Figure 1.--Here we see a griop of high-school students. The girls wear hair bows andwhite dresses., The boys wear suits. The cabinet card is undated and has no studio information. We can date it to the late-1900s decade because of the mount and the fact some of the boys are wearing knickers. (Kinickers began to become common in 1908.) We were not sure what the group here was. We thought they might be prize winners because of the huge bows and corsages, but think it was more likely that they were the enire senior class. Many American high schools were very small at the time. All we know for sure is that one of the girls is Sophia Roce.
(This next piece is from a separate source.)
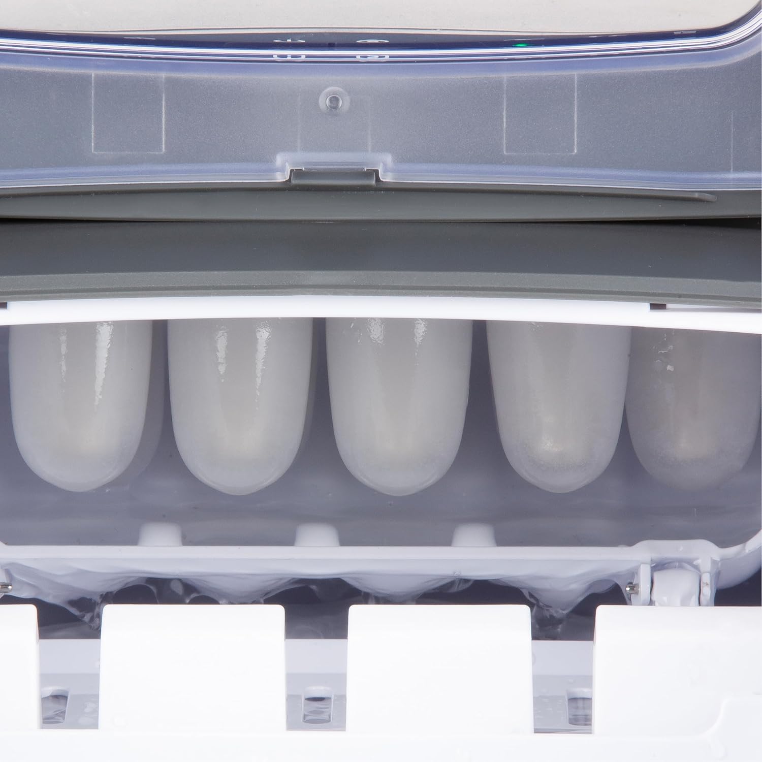 PRODUZIERT BIS ZU 15 KG EIS IN 24 STUNDEN - Die Eiswürfelmaschine DOMO DO9247IB stellt 9 Eiswürfel in nur 8 Minuten her – ideal für Partys, Cocktails oder gekühlte Getränke im Alltag KLEINE ODER GROSSE EISWÜRFEL NACH WAHL - Der Eiswürfelbereiter bietet die Möglichkeit, kugelförmige Eiswürfel in zwei Größen herzustellen – passend für jeden Drink oder Verwendungszweck STARKE KÜHLLEISTUNG DANK KOMPRESSOR - Die Eismaschine verfügt über einen leistungsstarken Kompressor mit R600a Kühlmittel und verwandelt Wasser zuverlässig in frisches Eis KOMPAKTES DESIGN MIT 2,8 LITER WASSERTANK - Diese Kleine Eiswürfelmaschine nimmt wenig Platz ein, ist einfach zu bedienen und verfügt über ein herausnehmbares Eisfach mit 1,5 kg Kapazität PRAKTISCHES SELBSTREINIGUNGSPROGRAMM - Die DOMO Eiswürfelmaschine lässt sich bequem reinigen und verfügt über eine verschließbare Ablauföffnung für hygienisches Entleeren INTUITIVE BEDIENUNG MIT LED-ANZEIGEN - Klar verständliche Signale für Eiswahl, Betrieb, Reinigung, Wasserstand und Eisfüllstand sorgen für komfortable Nutzung in Küche oder Hausbar | قیمت یورویی : 233.39€

We note some students wearing special decorative items. We just note them, we have never found anydescription of them. We think that these are graduation items. This means two different events. During the 19th and early-20th century, a realtively small numbrr of children attended secondary school. Most children attended eementary (primary) schools which by the late-19th century were normally schools with 8 year pograns called grades. Thus this was the primary graduation event for most Americans. At first these were the schools what most middle-class children completed, but by the turn-of the 20th century it was becoming increasingly common for working-class children to complete the 8-year program. Many of the immigrants that pured into America came from countries where public school schooling was much less advanced. (Which meant vrtually every country except Germany.) Thus 8th grade graduations were important into the early-20th century. We see the children dressed up with a range of decorative items. American secondary schools called high schools were becoming increasinly important. A turning point was the Depression, with no jobs to be had, more children continued their education. High school graduation was even more of an occassion. Academic attire began in the early European universities (12th century). American universities unlike British and Europen unversities stopped wearing academic dress in the early-19th century, perhaps part of the rejection of British trafitions after the Revolutiinary War, but caps and gowns were often retained by the facualty for special events and graduation for the students. We are not sure if secondary students also wore caps and giwn from the beginning, this was not the tradition in Britain. We do see American secondary school graduates dressing up and wearing elaborate decorations in the early-20h century, including bows, ribbons, and corsages (figure 1). We do not know if this was in place of caps and gowns.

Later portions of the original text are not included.